■ DATA SHOWN ■
+-------+
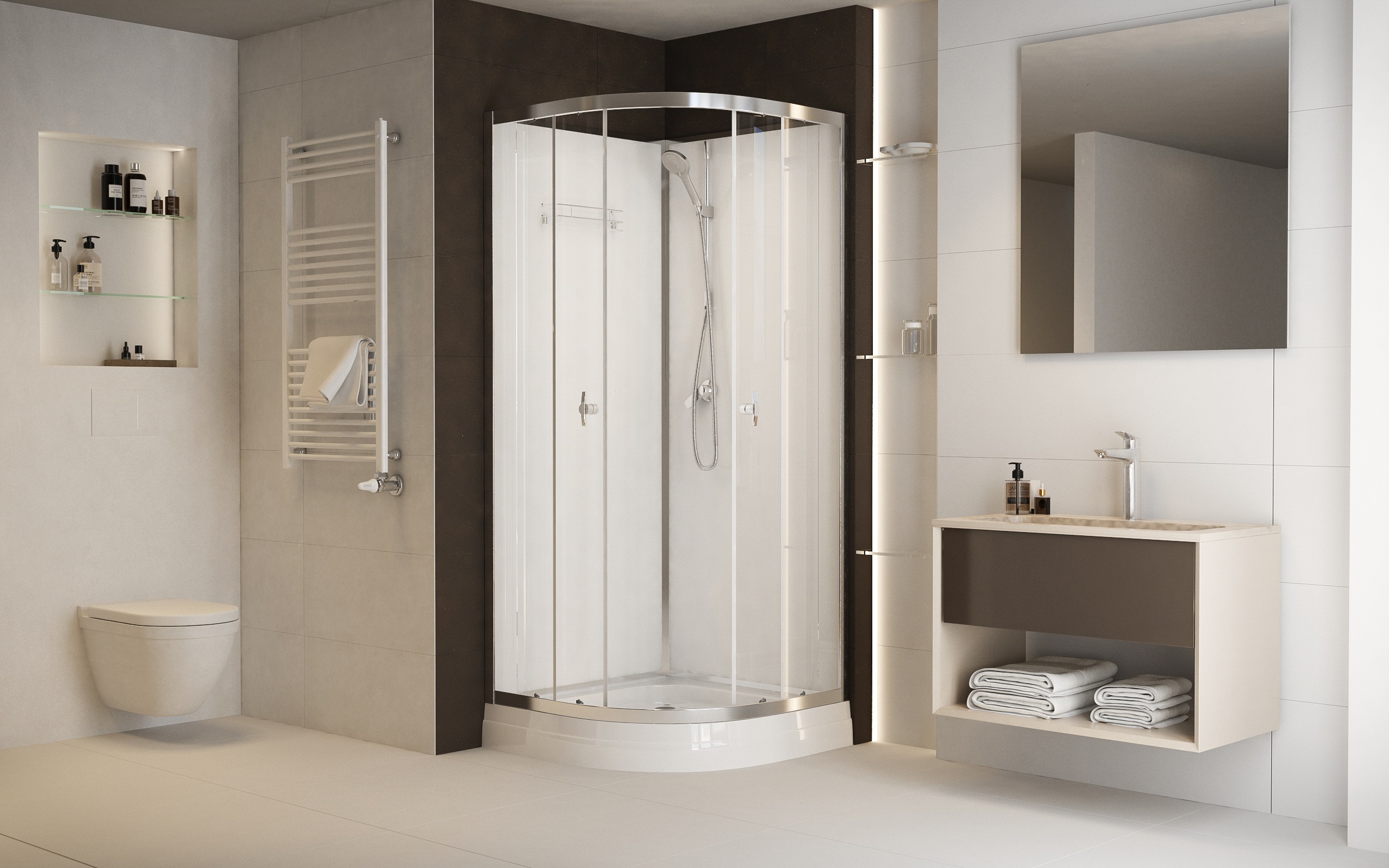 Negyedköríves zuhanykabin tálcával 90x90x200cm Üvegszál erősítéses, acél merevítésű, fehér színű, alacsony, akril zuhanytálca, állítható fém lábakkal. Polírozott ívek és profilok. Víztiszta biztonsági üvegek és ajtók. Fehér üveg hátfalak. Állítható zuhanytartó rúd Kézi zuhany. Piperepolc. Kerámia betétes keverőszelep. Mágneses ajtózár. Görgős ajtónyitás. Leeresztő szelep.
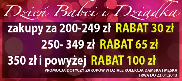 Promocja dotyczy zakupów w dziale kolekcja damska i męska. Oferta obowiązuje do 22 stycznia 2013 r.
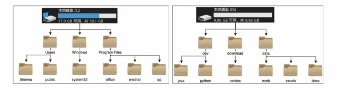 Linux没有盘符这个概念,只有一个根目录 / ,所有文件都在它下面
+-------+
■ PROBLEM REQUIREMENTS ■
What you return must match, line for line, the span from the line containing "Promocja dotyczy zakupów" through the last line of the listing above, with every picture omitted.

■ ANSWER TO THIS EXERCISE ■
 Promocja dotyczy zakupów w dziale kolekcja damska i męska. Oferta obowiązuje do 22 stycznia 2013 r.
 Linux没有盘符这个概念,只有一个根目录 / ,所有文件都在它下面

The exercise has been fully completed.